Aim of the task :: Reproduce the records that follow without alteration, apart from removing the pictures.

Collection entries
Start of Block
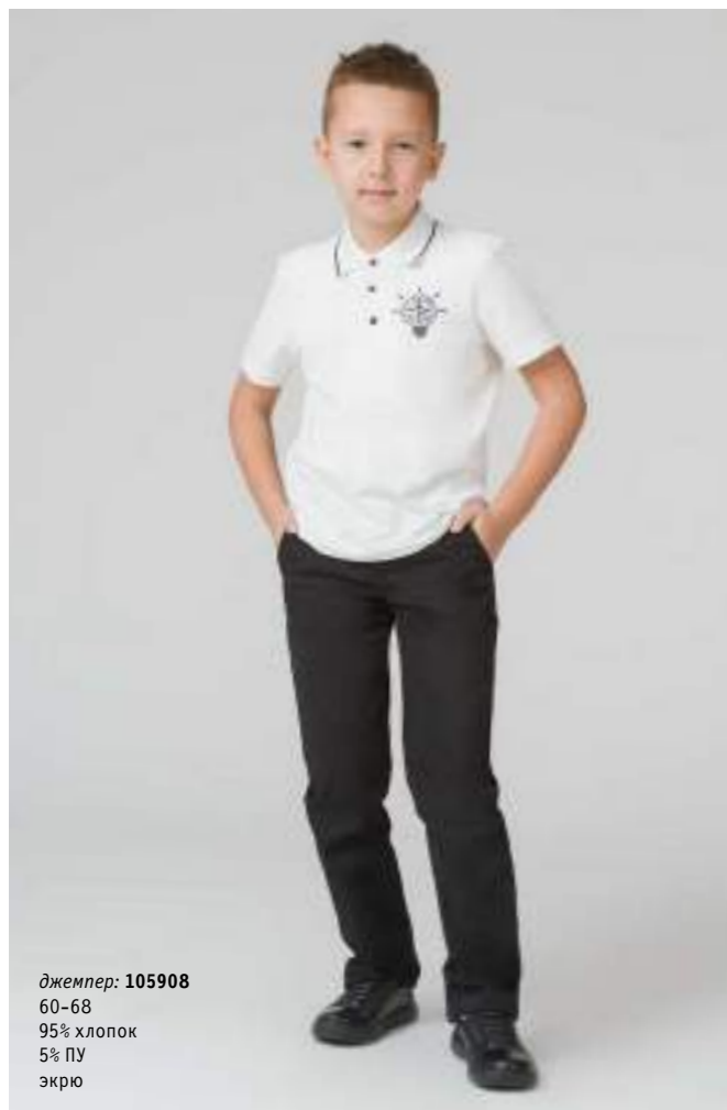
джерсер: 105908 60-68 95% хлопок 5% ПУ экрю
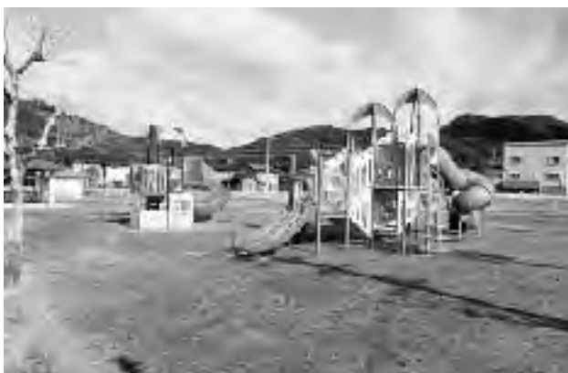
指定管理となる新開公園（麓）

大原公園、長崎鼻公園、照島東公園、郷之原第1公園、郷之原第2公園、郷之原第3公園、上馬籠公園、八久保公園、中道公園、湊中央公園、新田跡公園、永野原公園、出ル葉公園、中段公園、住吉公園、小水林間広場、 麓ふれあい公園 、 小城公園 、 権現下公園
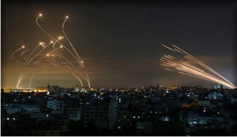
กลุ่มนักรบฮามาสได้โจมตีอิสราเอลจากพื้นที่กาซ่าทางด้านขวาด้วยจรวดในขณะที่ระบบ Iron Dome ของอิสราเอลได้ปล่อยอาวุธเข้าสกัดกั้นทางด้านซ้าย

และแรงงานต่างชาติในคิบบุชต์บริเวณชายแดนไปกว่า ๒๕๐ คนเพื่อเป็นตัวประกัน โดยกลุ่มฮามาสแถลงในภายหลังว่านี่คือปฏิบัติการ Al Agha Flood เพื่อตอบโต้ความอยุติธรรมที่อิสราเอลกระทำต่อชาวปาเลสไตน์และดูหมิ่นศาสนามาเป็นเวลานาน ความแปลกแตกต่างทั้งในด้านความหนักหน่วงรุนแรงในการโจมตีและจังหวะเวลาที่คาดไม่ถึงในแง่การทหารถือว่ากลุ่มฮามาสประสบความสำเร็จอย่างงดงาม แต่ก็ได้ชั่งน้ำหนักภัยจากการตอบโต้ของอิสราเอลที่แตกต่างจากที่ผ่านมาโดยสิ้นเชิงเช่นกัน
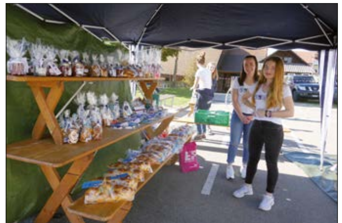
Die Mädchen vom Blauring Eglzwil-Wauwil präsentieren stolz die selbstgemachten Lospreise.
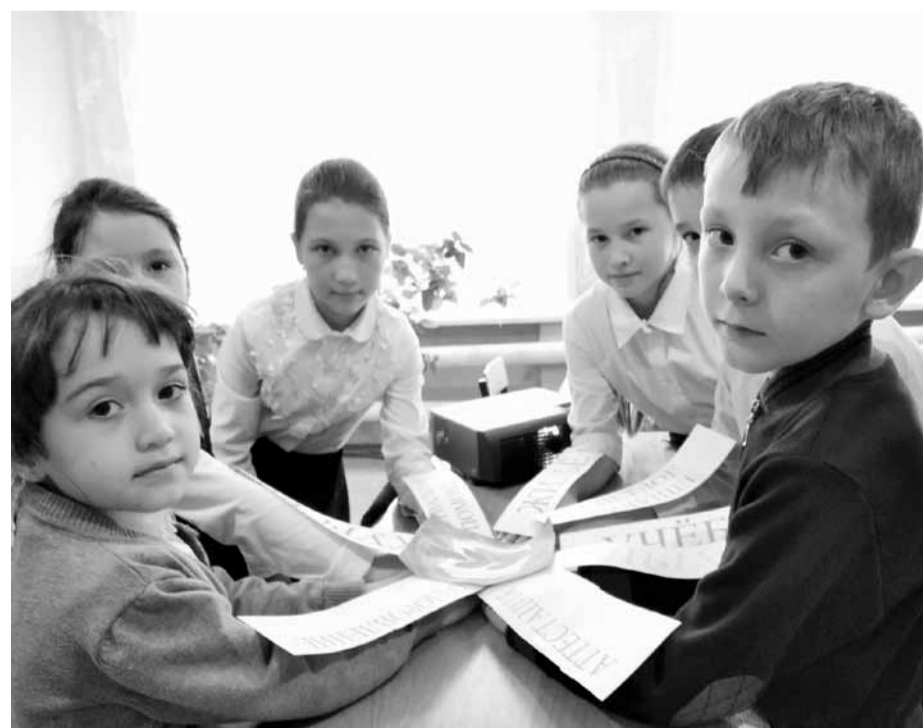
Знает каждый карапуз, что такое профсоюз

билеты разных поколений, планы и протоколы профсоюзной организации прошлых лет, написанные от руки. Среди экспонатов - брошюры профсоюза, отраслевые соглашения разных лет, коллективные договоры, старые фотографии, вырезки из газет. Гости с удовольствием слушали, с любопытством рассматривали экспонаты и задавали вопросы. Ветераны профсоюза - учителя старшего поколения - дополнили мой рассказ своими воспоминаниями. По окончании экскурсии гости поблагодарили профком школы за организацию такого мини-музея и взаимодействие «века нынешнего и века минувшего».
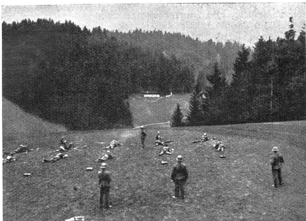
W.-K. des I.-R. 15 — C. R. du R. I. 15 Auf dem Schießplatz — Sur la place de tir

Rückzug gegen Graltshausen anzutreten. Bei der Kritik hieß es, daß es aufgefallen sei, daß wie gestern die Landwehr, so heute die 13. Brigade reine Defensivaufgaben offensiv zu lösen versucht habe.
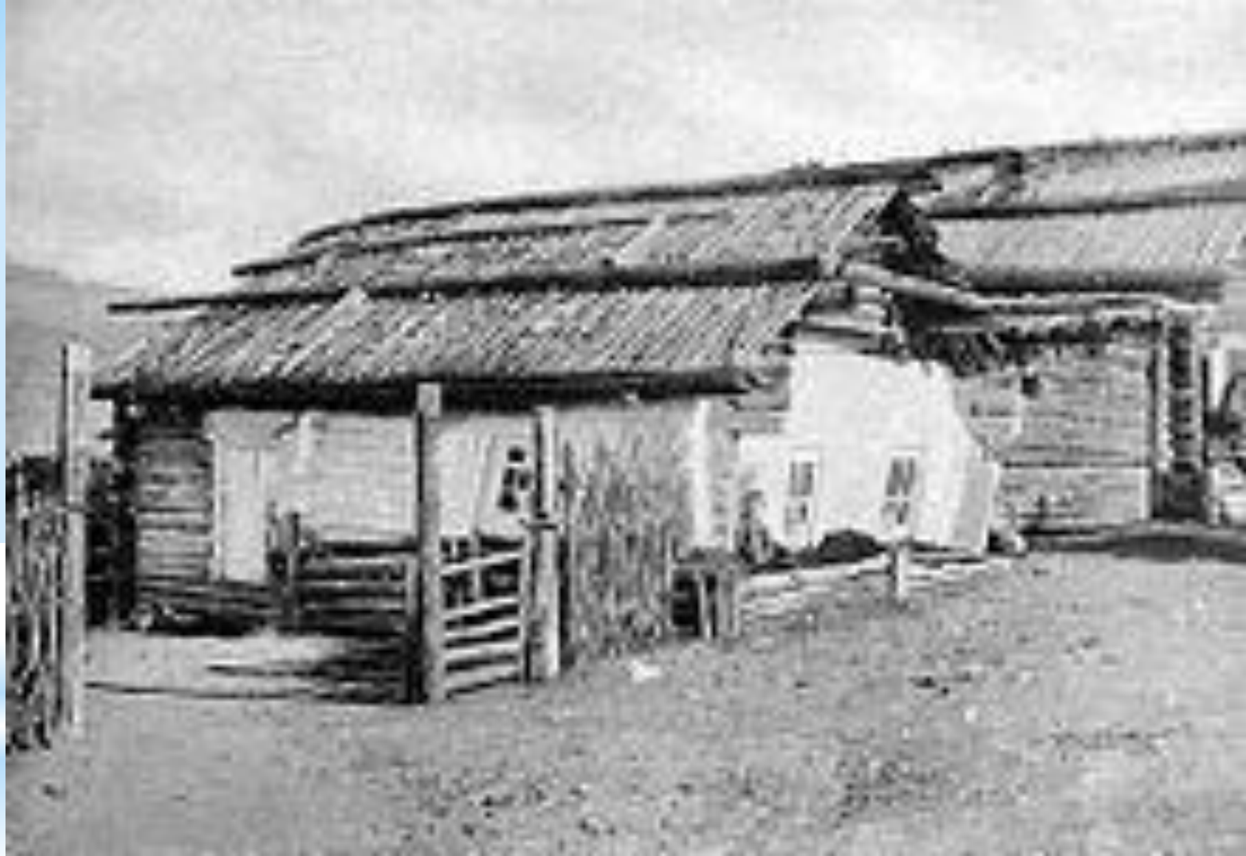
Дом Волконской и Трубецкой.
End of Block
Solution below ::
джерсер: 105908 60-68 95% хлопок 5% ПУ экрю
指定管理となる新開公園（麓）

大原公園、長崎鼻公園、照島東公園、郷之原第1公園、郷之原第2公園、郷之原第3公園、上馬籠公園、八久保公園、中道公園、湊中央公園、新田跡公園、永野原公園、出ル葉公園、中段公園、住吉公園、小水林間広場、 麓ふれあい公園 、 小城公園 、 権現下公園
กลุ่มนักรบฮามาสได้โจมตีอิสราเอลจากพื้นที่กาซ่าทางด้านขวาด้วยจรวดในขณะที่ระบบ Iron Dome ของอิสราเอลได้ปล่อยอาวุธเข้าสกัดกั้นทางด้านซ้าย

และแรงงานต่างชาติในคิบบุชต์บริเวณชายแดนไปกว่า ๒๕๐ คนเพื่อเป็นตัวประกัน โดยกลุ่มฮามาสแถลงในภายหลังว่านี่คือปฏิบัติการ Al Agha Flood เพื่อตอบโต้ความอยุติธรรมที่อิสราเอลกระทำต่อชาวปาเลสไตน์และดูหมิ่นศาสนามาเป็นเวลานาน ความแปลกแตกต่างทั้งในด้านความหนักหน่วงรุนแรงในการโจมตีและจังหวะเวลาที่คาดไม่ถึงในแง่การทหารถือว่ากลุ่มฮามาสประสบความสำเร็จอย่างงดงาม แต่ก็ได้ชั่งน้ำหนักภัยจากการตอบโต้ของอิสราเอลที่แตกต่างจากที่ผ่านมาโดยสิ้นเชิงเช่นกัน
Die Mädchen vom Blauring Eglzwil-Wauwil präsentieren stolz die selbstgemachten Lospreise.
Знает каждый карапуз, что такое профсоюз

билеты разных поколений, планы и протоколы профсоюзной организации прошлых лет, написанные от руки. Среди экспонатов - брошюры профсоюза, отраслевые соглашения разных лет, коллективные договоры, старые фотографии, вырезки из газет. Гости с удовольствием слушали, с любопытством рассматривали экспонаты и задавали вопросы. Ветераны профсоюза - учителя старшего поколения - дополнили мой рассказ своими воспоминаниями. По окончании экскурсии гости поблагодарили профком школы за организацию такого мини-музея и взаимодействие «века нынешнего и века минувшего».
W.-K. des I.-R. 15 — C. R. du R. I. 15 Auf dem Schießplatz — Sur la place de tir

Rückzug gegen Graltshausen anzutreten. Bei der Kritik hieß es, daß es aufgefallen sei, daß wie gestern die Landwehr, so heute die 13. Brigade reine Defensivaufgaben offensiv zu lösen versucht habe.
Дом Волконской и Трубецкой.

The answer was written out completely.